DeepSmith

Jul 26 · AEO & AI Visibility

14 min read

How to Implement FAQ Schema to Get Cited by AI Answer Engines

Avinash Saurabh
Avinash Saurabh · CO-Founder & CEO
Monochrome geometric illustration of a stack of question and answer cards on a charcoal background, with connection lines carrying one pair out to a separate answer panel, under the centered white cover line "FAQ Schema for AI Citations".

You added FAQ schema years ago, the SERP dropdown disappeared, and now someone is asking whether the markup still earns you anything in ChatGPT or Perplexity. It is a fair question, and the honest answer has moved.
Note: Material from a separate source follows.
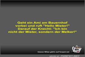 | Geht ein Ami am Bauernhof vorbei und ruft "Hello Mister!" Bild (24.78 KB) 5Lustiges → klasse Sprüche und Witze | Lustiges → klasse Sprüche und Witze | 09.12.24-09:15 | Fossy | |

This guide walks you through FAQ schema for AI citations end to end: deciding whether your page qualifies, building a valid FAQPage block, validating it, and checking whether answer engines actually pick your page up. You will have working markup on a page by the end of an afternoon.

Take a breath first. This is one of the smaller jobs in your AEO backlog, and you are closer than you think.

Step 1: Get honest about what FAQ schema actually does

Start here, because the wrong expectation is what makes this work feel disappointing later.

Most FAQ schema AI advice online lands in one of two camps: the schema is dead, or the schema is a citation cheat code. Both are wrong. The truth sits between them, and it is more useful than either.

Google restricted FAQ rich results in August 2023 to well-known, authoritative government and health websites. Everyone else lost the accordion. In May 2026, Google's documentation recorded that the FAQ rich result is no longer shown in Google Search at all. The visual feature is gone.

The schema type is not. FAQPage remains an active Schema.org type, it still validates, and Google still parses it. Only the SERP decoration retired.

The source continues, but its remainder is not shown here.